In many areas there was a real lack of severe cold. The lowest reported temperature in the state was -48F (-44.4C) from the NWS cooperative observer outside of Manley Hot Springs. [Feb 02 update: the Climate Reference Network site in Nowitna National Wildfire Reguge reported a low of -50F (-45.6C)]. Only three Januarys in the past 40 years have had a higher state-wide low temperature. Fairbanks Airport had just one day with a low temperature of -20F (-28.9C) or lower. Only three years in the past 115 have not had a January minimum temperature at least that low. Anchorage Airport’s low of of -2F (-18.9C) was the highest January minimum since 2018. In Southeast Alaska the mildest places saw hardly any subfreezing weather. At Sitka Airport the monthly low temperature was just 31F (-0.6C). In the past 75 years only January 1985 had a higher minimum temperature. February 8th addition: Figure 1a shows the January temperature departures from the ERA5 reanalysis. The agreement this month with the available station level data is quite good. This really highlights the widespread warmth and the extreme of the extreme values over the Yukon Territory and northern Southeast Alaska.

Fig. 1a: Temperature deaprture from 1991-2020 average (ºF) from ERA5 courtesy of ECMWF/Copernicus.

Sea Ice

Sea ice extent in the Bering Sea expanded steadily past mid-month and briefly reached the 1991-2020 median around January 23th (Fig 2). Thereafter a return of south winds and mild temperatures to the region pushed the ice edge northward a bit and there was some sea ice loss near the Alaska coast Kuskokwim Bay southeastward, with extent decreasing about 11 percent the last six days of the month. For the month as a whole, the average extent was 10 percent below the 1991-2020 median. Fig 3. shows the National Weather Service Alaska Region sea ice concentration analysis for January 1st (left) and 31st (right), showing the overall change during the month.

Fig 2. Bering Sea daily sea ice extent from National Snow and Ice Data Center Sea Ice Index version 2 for each season 1978-79 through 2022-23 (to January 31).
Fig 3. National Weather Service Alaska Region sea ice concentration analysis valid January 1 (left) and January 31, 2023 (right). The biggest change was the increase in ice in the Gulf of Anadyr, west and southwest of St. Lawrence Island.
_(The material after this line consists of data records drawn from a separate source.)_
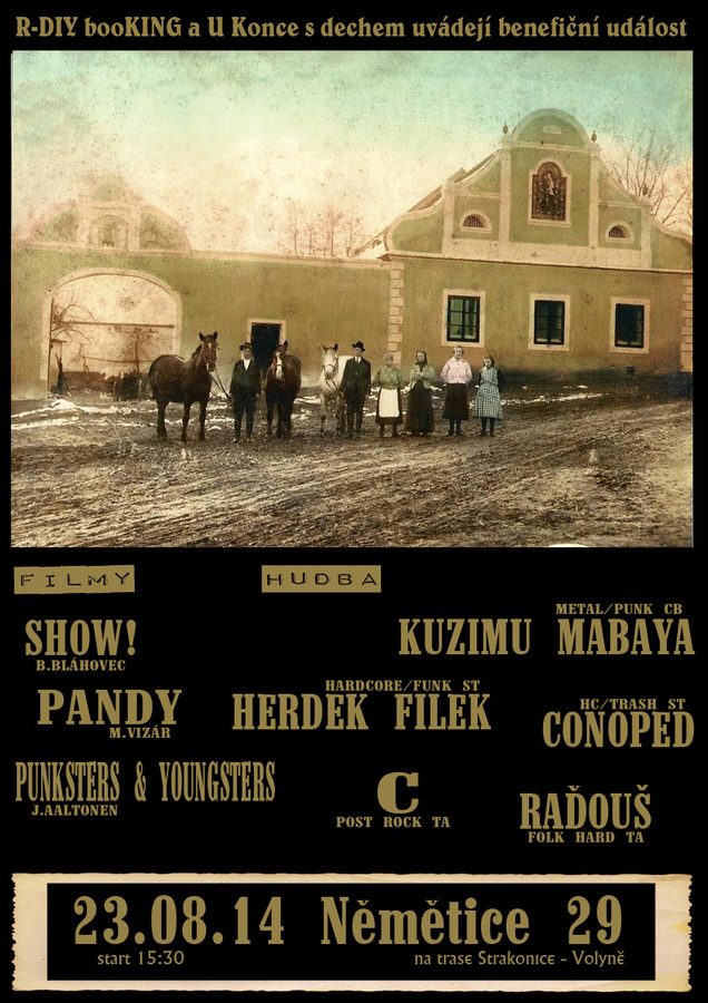 23.08.2014 (sobota) U Konce s dechem Němětice (u Strakonic) - CONOPED (hardcore/trash, Strakonice) + KUZIMU MABAYA (punk/metal, České Budějovice) + HERDEK FILEK(hardcore/funk, Strakonice) + C (post rock, Tábor) + RAĎOUŠ (folk hard, Tábor)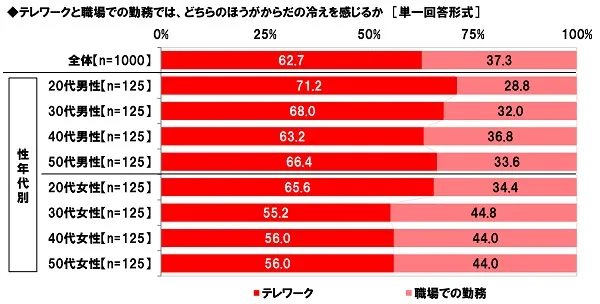 また、テレワークと職場での勤務では、どちらのほうがからだの冷えを感じるか聞いたところ、「テレワーク」は62.7%、「職場での勤務」は37.3%となりました。テレワーク中のからだの冷えに悩んでいる人は多いのではないでしょうか。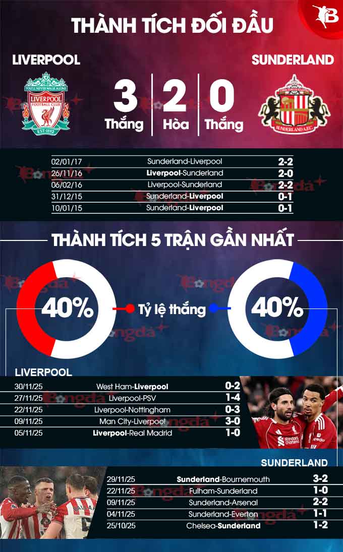Phân tích phong độ Liverpool vs Sunderland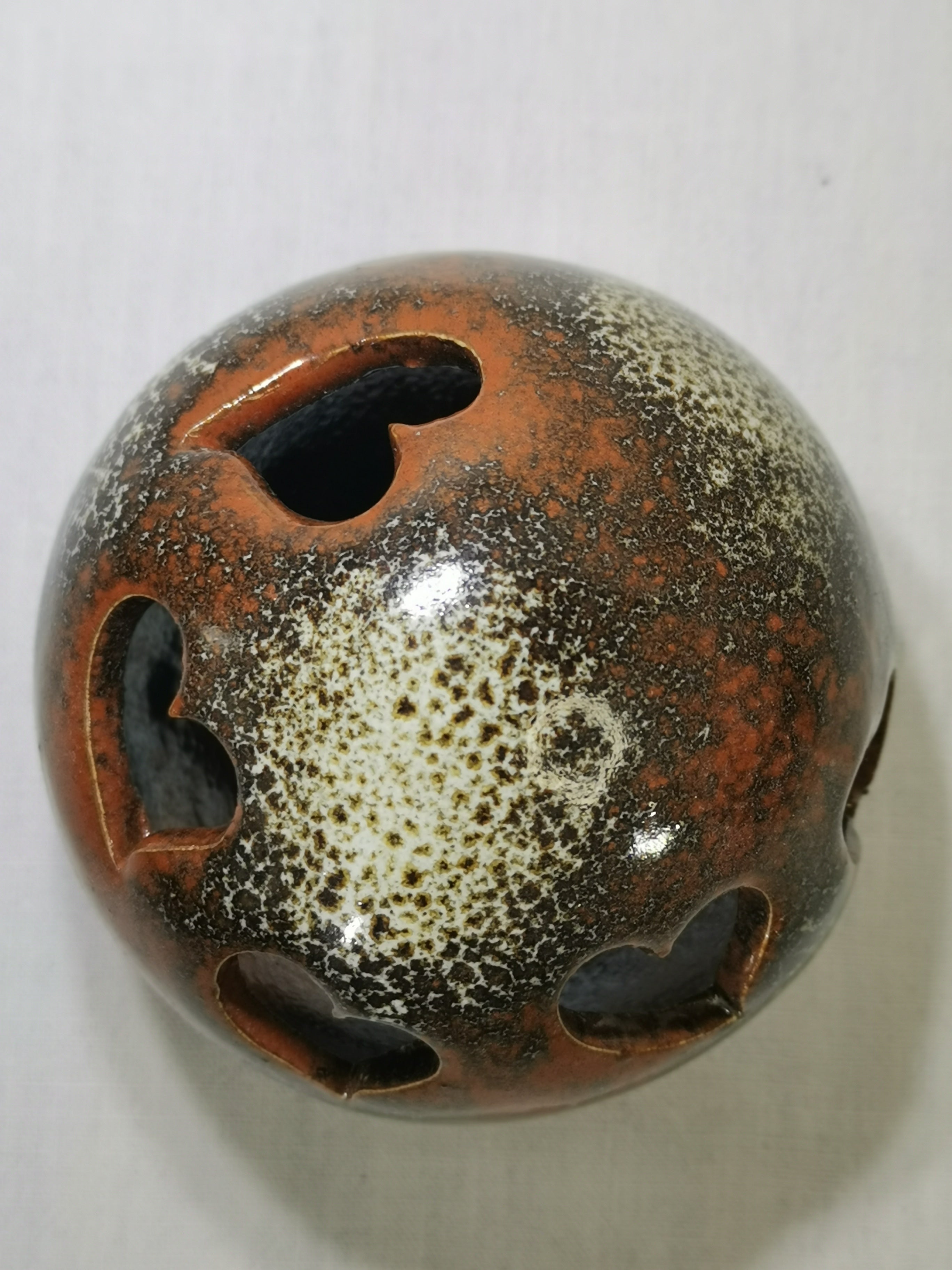 Ce photophore en céramique se distingue par sa forme sphérique et ses ouvertures découpées, qui laissent passer la lumière de manière douce et diffuse. L’émail, aux nuances profondes de brun, de noir et de beige moucheté, crée un jeu de textures minérales évoquant la terre et la matière en fusion.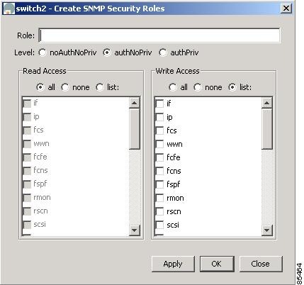 The Cisco Fabric Manager lets you control management access to Cisco MDS 9000 Family switches, whether you are using the command-line interface (CLI) or SNMP. The Cisco Fabric Manager uses SNMP to communicate remotely with switches. This chapter describes how to set up SNMP users and roles, and how to assign different administrative privileges to different roles.

Sea ice thickness, stability and quality are important factors for coastal communities and people working on the ice. Unlike sea ice extent, reasonably reliable sea ice thickness has been available through satellite-derived products only in the past 20 years or so, and even shorter for reliable estimates of thin (less than one meter) ice thickness. Fig 4. shows the difference in thickness for the last week of January compared to the same week last year (only shown where ice was present in both years). This graphic uses a product that combines ice thickness estimates from two different satellites to provide a unified, reliable sea ice thickness product and is courtesy of the Alfred Wegener Institute. It’s clear that ice at the end of January 2023 in the Bering and Chukchi Seas is about the same thickness or thinner than this time last year, with significantly thinner ice in Kotzebue Sound and nearshore from Point Lay to Utqiaġvik. Thinner ice this year is also evident in the nearshore Beaufort Sea from Kaktovik eastward. Of course, there’s still time left this season for ice to thicken up, but the clock is ticking, especially in for the Bering Sea.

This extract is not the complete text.